### Exercise brief
Among the lines of data below, reproduce only those from the one with "2025 Nuevo Chaqueta" through the one with "שמחת בית ספינקא: היינט", exactly as they stand, both ends included.

**** Dataset

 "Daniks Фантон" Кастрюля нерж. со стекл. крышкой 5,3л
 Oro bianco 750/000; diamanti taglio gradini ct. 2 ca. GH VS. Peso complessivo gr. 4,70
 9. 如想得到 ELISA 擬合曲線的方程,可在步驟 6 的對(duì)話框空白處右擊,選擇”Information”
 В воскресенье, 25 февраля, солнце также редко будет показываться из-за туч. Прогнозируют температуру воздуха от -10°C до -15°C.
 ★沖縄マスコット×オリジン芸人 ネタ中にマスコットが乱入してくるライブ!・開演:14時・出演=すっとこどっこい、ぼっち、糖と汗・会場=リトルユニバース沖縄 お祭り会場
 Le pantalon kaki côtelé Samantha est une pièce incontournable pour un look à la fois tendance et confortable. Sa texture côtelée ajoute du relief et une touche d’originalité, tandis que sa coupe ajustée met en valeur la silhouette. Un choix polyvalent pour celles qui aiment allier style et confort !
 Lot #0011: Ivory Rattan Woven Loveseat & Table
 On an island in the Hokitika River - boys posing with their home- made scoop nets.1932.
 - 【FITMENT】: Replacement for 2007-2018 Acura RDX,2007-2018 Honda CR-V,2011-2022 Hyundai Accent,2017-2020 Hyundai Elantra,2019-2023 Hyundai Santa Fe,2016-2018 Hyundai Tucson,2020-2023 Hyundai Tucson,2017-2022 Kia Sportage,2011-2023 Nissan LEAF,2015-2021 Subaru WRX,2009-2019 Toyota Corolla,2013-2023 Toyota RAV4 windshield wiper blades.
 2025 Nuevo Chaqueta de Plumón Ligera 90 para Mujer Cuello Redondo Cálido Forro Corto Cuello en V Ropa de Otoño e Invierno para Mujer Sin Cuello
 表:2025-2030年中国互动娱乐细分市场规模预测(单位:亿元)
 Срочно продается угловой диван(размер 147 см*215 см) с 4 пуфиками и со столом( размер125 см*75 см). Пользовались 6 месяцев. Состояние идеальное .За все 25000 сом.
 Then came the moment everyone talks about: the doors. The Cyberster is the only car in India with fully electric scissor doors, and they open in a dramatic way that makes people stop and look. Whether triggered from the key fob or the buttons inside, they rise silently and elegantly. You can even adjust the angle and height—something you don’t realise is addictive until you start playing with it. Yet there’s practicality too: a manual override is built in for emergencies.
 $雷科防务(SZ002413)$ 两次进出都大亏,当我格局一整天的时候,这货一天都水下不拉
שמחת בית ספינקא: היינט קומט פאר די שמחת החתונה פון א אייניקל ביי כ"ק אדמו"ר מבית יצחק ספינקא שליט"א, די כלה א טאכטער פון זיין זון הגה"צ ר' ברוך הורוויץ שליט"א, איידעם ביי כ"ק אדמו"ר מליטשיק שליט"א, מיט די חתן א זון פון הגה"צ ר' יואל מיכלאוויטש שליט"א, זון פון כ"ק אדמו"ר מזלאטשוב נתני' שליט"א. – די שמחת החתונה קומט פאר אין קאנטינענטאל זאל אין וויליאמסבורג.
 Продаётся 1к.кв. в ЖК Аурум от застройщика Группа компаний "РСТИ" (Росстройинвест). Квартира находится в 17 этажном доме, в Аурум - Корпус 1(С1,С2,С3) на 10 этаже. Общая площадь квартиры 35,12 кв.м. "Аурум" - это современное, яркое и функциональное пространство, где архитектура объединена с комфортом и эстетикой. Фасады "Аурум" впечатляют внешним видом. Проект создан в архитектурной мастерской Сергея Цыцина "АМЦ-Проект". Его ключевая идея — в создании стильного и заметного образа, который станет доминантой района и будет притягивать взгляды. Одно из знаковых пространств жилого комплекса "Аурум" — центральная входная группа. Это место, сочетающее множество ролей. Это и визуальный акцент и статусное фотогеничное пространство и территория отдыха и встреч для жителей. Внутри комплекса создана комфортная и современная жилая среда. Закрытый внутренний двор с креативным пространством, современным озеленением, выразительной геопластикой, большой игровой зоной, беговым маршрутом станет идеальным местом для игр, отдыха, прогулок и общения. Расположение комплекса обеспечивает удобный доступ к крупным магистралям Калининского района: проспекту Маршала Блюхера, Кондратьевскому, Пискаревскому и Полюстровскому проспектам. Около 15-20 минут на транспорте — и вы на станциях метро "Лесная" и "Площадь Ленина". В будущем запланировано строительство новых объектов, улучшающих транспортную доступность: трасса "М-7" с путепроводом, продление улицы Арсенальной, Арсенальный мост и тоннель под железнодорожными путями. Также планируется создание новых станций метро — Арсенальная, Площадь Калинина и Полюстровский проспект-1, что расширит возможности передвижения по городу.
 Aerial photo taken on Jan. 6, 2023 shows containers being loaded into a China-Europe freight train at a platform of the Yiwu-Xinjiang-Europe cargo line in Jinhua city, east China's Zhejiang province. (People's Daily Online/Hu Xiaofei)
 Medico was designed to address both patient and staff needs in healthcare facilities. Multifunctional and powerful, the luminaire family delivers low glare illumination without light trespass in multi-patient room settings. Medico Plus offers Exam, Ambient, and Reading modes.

********

### Solution for this problem
 2025 Nuevo Chaqueta de Plumón Ligera 90 para Mujer Cuello Redondo Cálido Forro Corto Cuello en V Ropa de Otoño e Invierno para Mujer Sin Cuello
 表:2025-2030年中国互动娱乐细分市场规模预测(单位:亿元)
 Срочно продается угловой диван(размер 147 см*215 см) с 4 пуфиками и со столом( размер125 см*75 см). Пользовались 6 месяцев. Состояние идеальное .За все 25000 сом.
 Then came the moment everyone talks about: the doors. The Cyberster is the only car in India with fully electric scissor doors, and they open in a dramatic way that makes people stop and look. Whether triggered from the key fob or the buttons inside, they rise silently and elegantly. You can even adjust the angle and height—something you don’t realise is addictive until you start playing with it. Yet there’s practicality too: a manual override is built in for emergencies.
 $雷科防务(SZ002413)$ 两次进出都大亏,当我格局一整天的时候,这货一天都水下不拉
שמחת בית ספינקא: היינט קומט פאר די שמחת החתונה פון א אייניקל ביי כ"ק אדמו"ר מבית יצחק ספינקא שליט"א, די כלה א טאכטער פון זיין זון הגה"צ ר' ברוך הורוויץ שליט"א, איידעם ביי כ"ק אדמו"ר מליטשיק שליט"א, מיט די חתן א זון פון הגה"צ ר' יואל מיכלאוויטש שליט"א, זון פון כ"ק אדמו"ר מזלאטשוב נתני' שליט"א. – די שמחת החתונה קומט פאר אין קאנטינענטאל זאל אין וויליאמסבורג.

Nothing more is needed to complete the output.